Laut CAREs Bericht müssen fast 40 Prozent aller syrischen
Flüchtlingsfamilien in Jordanien ohne Familienvater auskommen, fast
doppelt so viele wie noch vor zwei Jahren. „Die Frauen fliehen vor
Krieg und Verzweiflung, sie wollen sich und ihre Kinder in Sicherheit
bringen. Auf der Flucht sind sie dann häufig erneut Gewalt und auch
sexuellen Übergriffen ausgesetzt, von Schmugglern und
Menschenhändlern abhängig“, so CARE-Generalsekretär Karl-Otto Zentel.

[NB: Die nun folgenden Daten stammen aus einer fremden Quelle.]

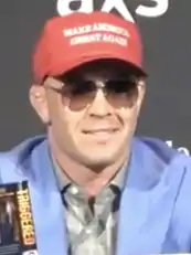 Covington is an outspoken supporter of the Republican Party and former President Donald Trump. After winning the Interim UFC Welterweight Championship, he stated he wanted to visit Trump at the White House to present him with the title,[50] which he did on August 2, 2018.[51] Trump phoned to congratulate Covington during his post-fight interview following his win over Tyron Woodley.[52] Covington dedicated his win over Woodley to first responders and the military and criticized Black Lives Matter and LeBron James.[53][54] Woodley had spoken about his support for the Black Lives Matter movement leading up to the fight.

In Griechenland, wo weiterhin zehntausende Flüchtlinge ausharren,
ist die Situation besonders schwierig: Hier muss sogar jede zweite
syrische Frau alleine ihr eigenes und das Überleben der Kinder
sichern. Väter und andere männliche Familienmitglieder sind häufig
vor der Schließung der Balkanroute nach Deutschland oder in andere
europäische Länder geflohen, in der Hoffnung, ihre Familien dann
nachholen zu können. Familienzusammenführungen und zugesagte
Umsiedlungen laufen weiterhin schleppend. Von den vorgesehenen 66.400
Umsiedlungen, die Griechenland entlasten sollen, wurden bis heute
jedoch gerade einmal knapp 3700 Menschen in anderen EU-Ländern
aufgenommen.

95 Prozent der befragten Frauen gaben an, unter der anhaltenden
Fluchtsituation, der großen Verantwortung und der Angst um ihre
Kinder stark zu leiden. „Die Frauen schultern eine enorme Last.
Unsere Kollegen hören leider immer häufiger davon, dass Frauen ihren
Körper verkaufen, um ihre Kinder zu ernähren. In Jordanien wird
bereits jedes zehnte syrische Mädchen verheiratet, weil viele Mütter
nicht mehr wissen, wie sie ihre Kinder sonst über Wasser halten
können“, so Zentel. Fast zwei Drittel aller befragten syrischen
Flüchtlingsfrauen gaben an, sich vor Gewalt und Übergriffen zu
fürchten.

Anlässlich der Flüchtlingsgipfel in New York am 19. und 20.
September fordert CARE Regierungen dazu auf, mehr Unterstützung für
Flüchtlingsfrauen bereitzustellen und ihre besonderen Bedürfnisse und
Vulnerabilitäten zu beachten. „Wir fordern legale und sichere
Fluchtwege, damit Frauen sich nicht alleine auf den gefährlichen Weg
machen und von Schmugglern abhängig sind. Eine Flucht vor dem Krieg
in Syrien darf nicht bedeuten, dass an seine Stelle sexualisierte
Gewalt, Menschenhandel und Missbrauch tritt“, so Zentel.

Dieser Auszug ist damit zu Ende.